“How was your day, Zoe?”
Zoe sat on the white leather couch in the homey little room and looked out a window at a little courtyard garden. The garden was Asian in design, complete with bonsai, a japanese maple, perfectly smooth stones and sand raked into mesmerising patterns.
“Zoe?”
The voice was perfectly calm and collected, gentle without being warm.
Blinking slowly at the garden, Zoe tried to imagine jumping through the window and ripping all that balance and beauty apart. She’d shove a rock out of place, claw her fingers through the sand and break limbs off the carefully groomed bonsai. “My day was fine,” she said out loud while inside she was raging. She made her voice sound like the garden, peaceful and refined while her blood was pounding in her ears.
“I see…” Dr. Calvin made a note on her clipboard. “Why don’t you tell me about it? Did you have swimming practice today?”
A twisted smile crossed her lips before she gained control of her reaction. Her hair was still obviously damp in the messy little bun she had piled on top of her head. And she was wearing her swim team jacket. Obviously she’d had swim practice.
“What happened, Zoe? You don’t have to talk about it if you don’t want to, but it might make you feel better if you do.”
That little technique was the one that always broke her. Such a lame trick, but it got her every time. She obviously did not want to talk about anything, especially swim practice, but giving her an out, a way to legitimately avoid the conversation always made her spill her guts. Her father had taught her to never give up, especially not when someone was opening the door to let you escape.

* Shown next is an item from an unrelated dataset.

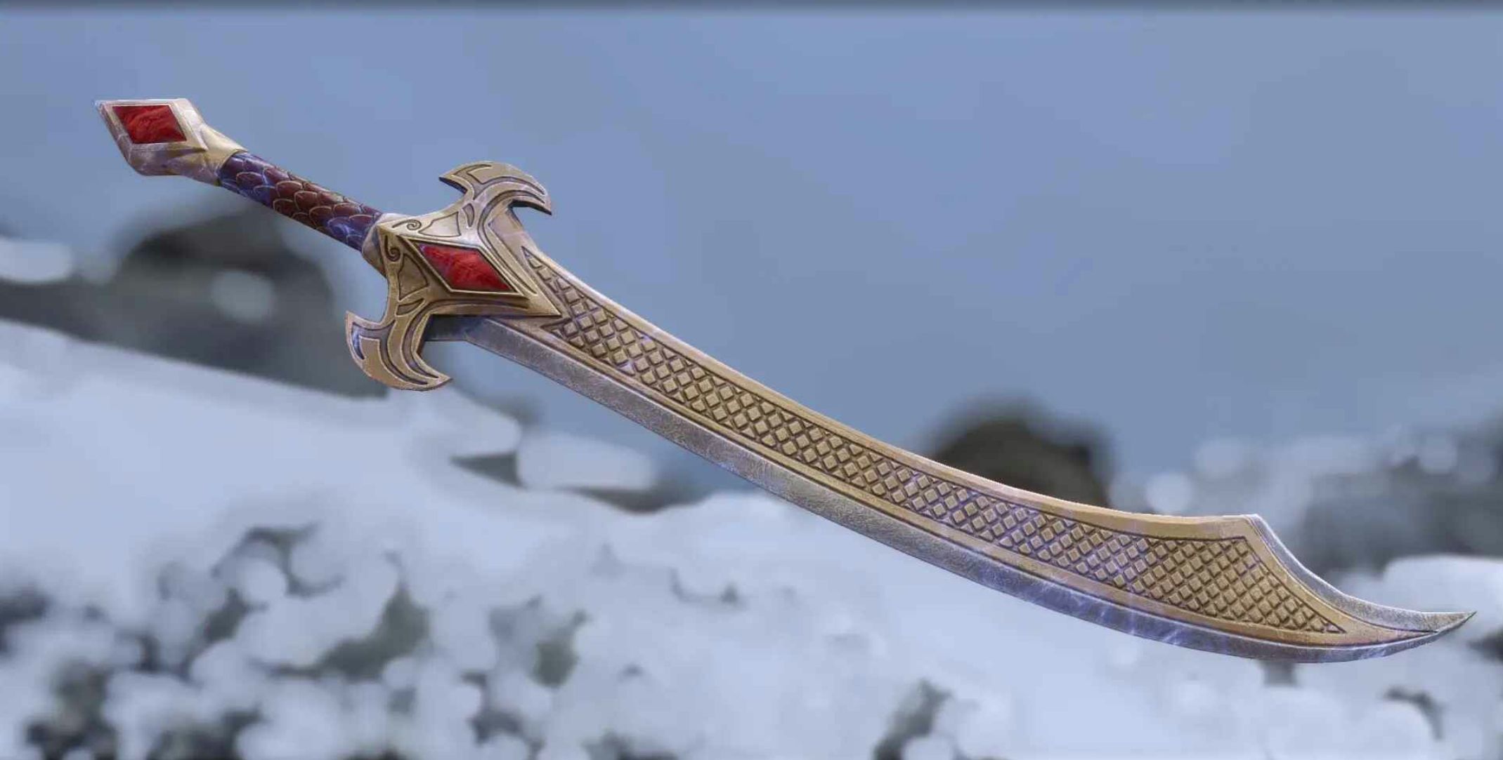 Shimsil: A Unique Gold and Ebony Shortsword from Morrowind, Once used by the necromancer Delvam Andarys from the town of Mawai.

“Nothing happened,” she said finally, glancing at Dr. Calvin with a shrug of her shoulder. “Nothing unusual,” she amended. “I missed my target time and coach made me swim another ten laps.” She remembered the way her muscles had burned on those laps, the way she had slipped and bruised her arm when she was trying to haul herself out of the pool afterwards with muscles that felt like noodles.
Dr. Calvin waited, a blank expression as she sat prim and proper in her black leather chair, legs crossed and clipboard balanced on her knee. Zoe had no idea how old the woman was, but her severe pixie cut and red rimmed glasses made her pale skin look like parchment paper. Black hair with only a sprinkling of gray swept back from her high cheekbones and deeply set black eyes. Zoe had no idea where her father had found the woman, but she was clearly working for him and not for Zoe.
“How did that make you feel?” Dr. Calvin asked when Zoe remained silent.
“Tired,” she said tartly. Proud of her small rebellion, Zoe settled back in her chair and waited for Dr. Calvin to make the next move. She had never seen the woman show much of a reaction, but she never stopped trying to get one out of her. Surely she was human underneath that carefully controlled exterior. It wasn’t possible for her to actually be a robot, was it?
To Zoe’s disappointment, Dr. Calvin returned her attention to the chart without showing any emotion. “What about the rest of the team? Did they all perform perfectly?”
This struck a nerve for Zoe and she found herself speaking before she could stop herself. “No. Tanya finished her set much slower than I did. And Sarah screwed up her handoff on the relay.”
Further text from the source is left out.